TEIC / TEI

The Text Encoding Initiative Guidelines
https://www.tei-c.org
Other
278 stars 88 forks source link

`@assertedValue` of `<certainty>` should also accept pointers #2067

Open michalkozak opened 3 years ago

michalkozak commented 3 years ago

According to the schema of <certainty> element, its @assertedValue attribute do not accept whitespaces, although it used to

provide an alternative value for the aspect of the markup in question — an alternative generic identifier, transcription, or attribute value, or the identifier of an anchor element (to indicate an alternative starting or ending location)

Its type is defined as teidata.word

If someone would like to annotate an expression as uncertain and provide an asserted value which, in their opinion, should replace the uncertain piece of text, they have two options:

The second option is better because we only create one uncertainty annotation as we wanted, and not so many artificial annotations as words.

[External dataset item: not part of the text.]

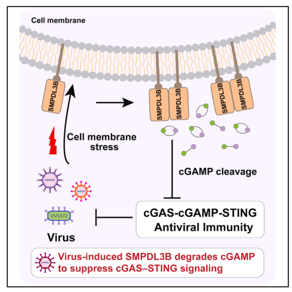 研究成果以“病毒感染介导细胞膜完整性改变,激活SMPDL3B通过降解cGAMP负调控cGAS-STING免疫信号”(Membrane integrity changes upon viral infection activate sphingomyelinase SMPDL3B to restrict cGAS-STING signaling via cGAMP degradation)为题,于10月31日发表于《免疫》(Immunity)。

But in the second option we have another problem. According to the TEI guidelines identifiers of <anchor> elements are only allowed. So, for example, the following annotation, in which we refer to the alleged transcription is not fully compliant with the guidelines

<certainty  locus="value" target="#seg" assertedValue="#val"/>
<val xml:id="val">Lorem ipsum dolor sit amet</val>

Therefore we propose to enrich the type of @assertedValue with a pointer:

 <alternate>
  <dataRef key="teidata.word"/>
  <dataRef key="teidata.pointer"/>
 </alternate>

The pointers are also necessary when certainty tags refer to alternative values of attributes that take pointers as values (such as @ref or @samaAs). In particular, someone might annotate with uncertainty that two entities are same:

<certainty locus="value" cert="high" target="#person-3" match="@sameAs" assertedValue="file-1#person-100"/>

I would also like to point out that it is not clear from the TEI guidelines for @assetedValue whether the hash (#) has to be used for the identifier of an anchor element. In 8th example on https://www.tei-c.org/release/doc/tei-p5-doc/en/html/CE.html we can read:

<certainty xml:id="cert3" target="#CE-p2" locus="start" assertedValue="#CE-a1" given="#cert1" degree="0.1"/>

However, in a review of our article submitted to the Journal of TEI, the reviewer wrote:

... your assertedValue if giving an @xml:id (e.g. of an anchor element) doesn't need the #. Your use pointing to an entity in this way is certainly non-canonical TEI but a possible feature request should be opened with the TEI-C to recommend the ability of pointing to any @xml:id with this in the note for assertedValue on the reference page.

sydb commented 3 years ago

I think OP (@michalkozak) has raised an important shortcoming: that there is no way to indicate an alternate proposed transcription in @assertedValue of <certainty>, even though the prose specifically licenses this. I think this is an important problem that needs attention.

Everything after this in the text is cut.